Materials provided:
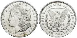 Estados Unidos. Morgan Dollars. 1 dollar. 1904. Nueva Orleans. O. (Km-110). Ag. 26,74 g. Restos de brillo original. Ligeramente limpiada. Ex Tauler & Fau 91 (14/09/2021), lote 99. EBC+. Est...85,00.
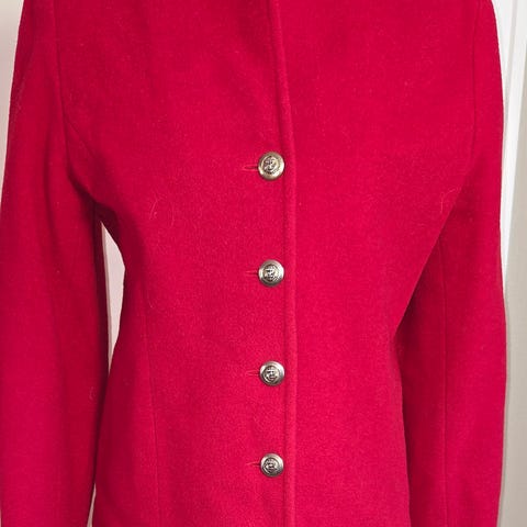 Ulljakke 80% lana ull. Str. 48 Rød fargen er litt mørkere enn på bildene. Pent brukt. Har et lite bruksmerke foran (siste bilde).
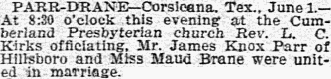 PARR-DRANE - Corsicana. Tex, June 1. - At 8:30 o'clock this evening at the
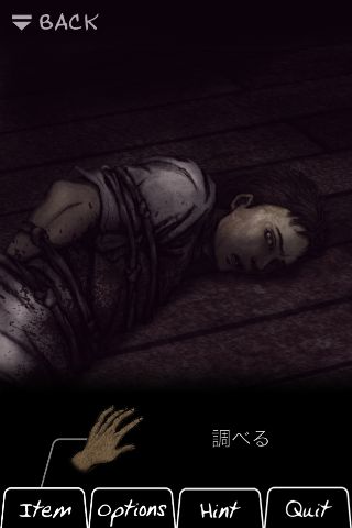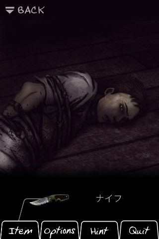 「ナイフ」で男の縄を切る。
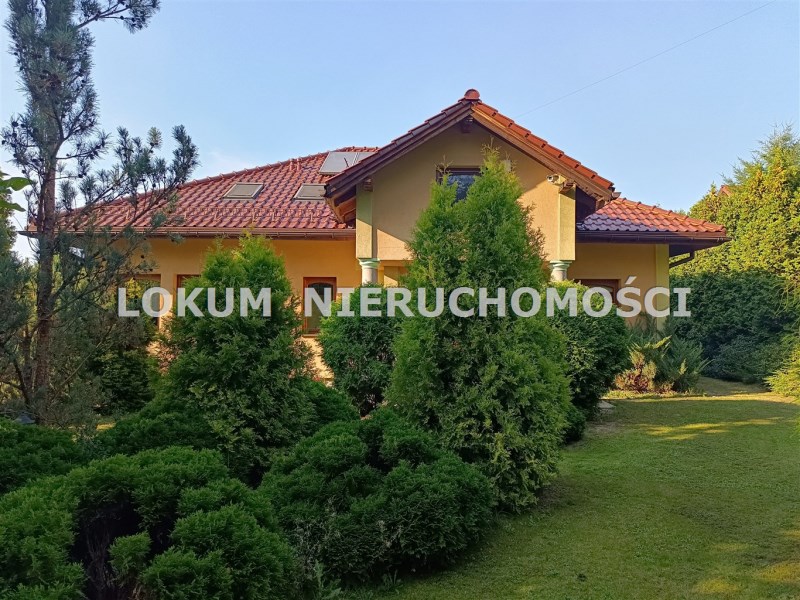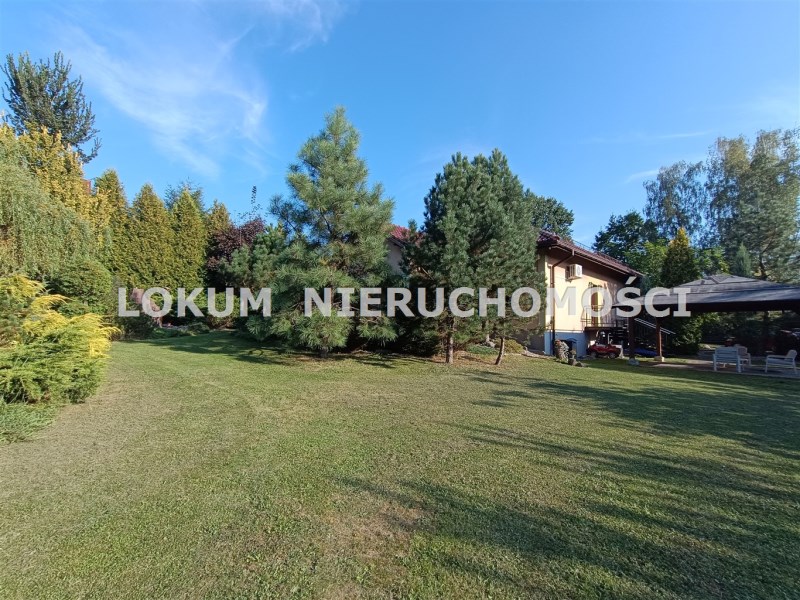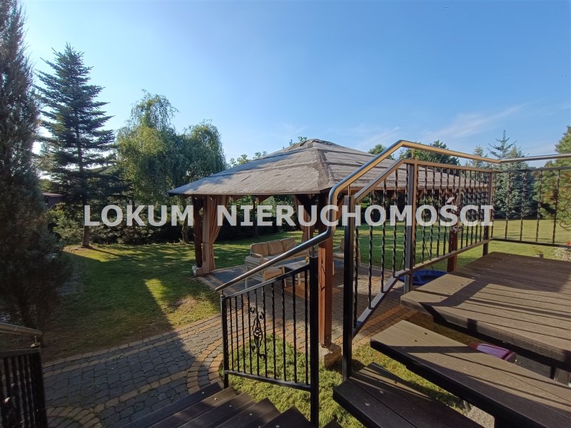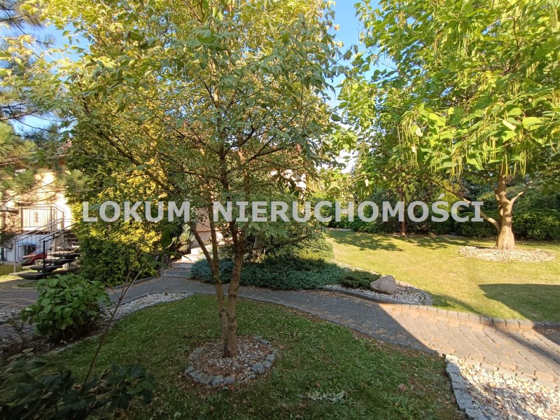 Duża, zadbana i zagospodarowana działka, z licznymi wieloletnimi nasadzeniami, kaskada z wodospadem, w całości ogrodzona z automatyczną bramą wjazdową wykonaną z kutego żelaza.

Problem:
Everything in the entries except the pictures should be returned exactly as given.

Written answer:
 Estados Unidos. Morgan Dollars. 1 dollar. 1904. Nueva Orleans. O. (Km-110). Ag. 26,74 g. Restos de brillo original. Ligeramente limpiada. Ex Tauler & Fau 91 (14/09/2021), lote 99. EBC+. Est...85,00.
 Ulljakke 80% lana ull. Str. 48 Rød fargen er litt mørkere enn på bildene. Pent brukt. Har et lite bruksmerke foran (siste bilde).
 PARR-DRANE - Corsicana. Tex, June 1. - At 8:30 o'clock this evening at the
 「ナイフ」で男の縄を切る。
 Duża, zadbana i zagospodarowana działka, z licznymi wieloletnimi nasadzeniami, kaskada z wodospadem, w całości ogrodzona z automatyczną bramą wjazdową wykonaną z kutego żelaza.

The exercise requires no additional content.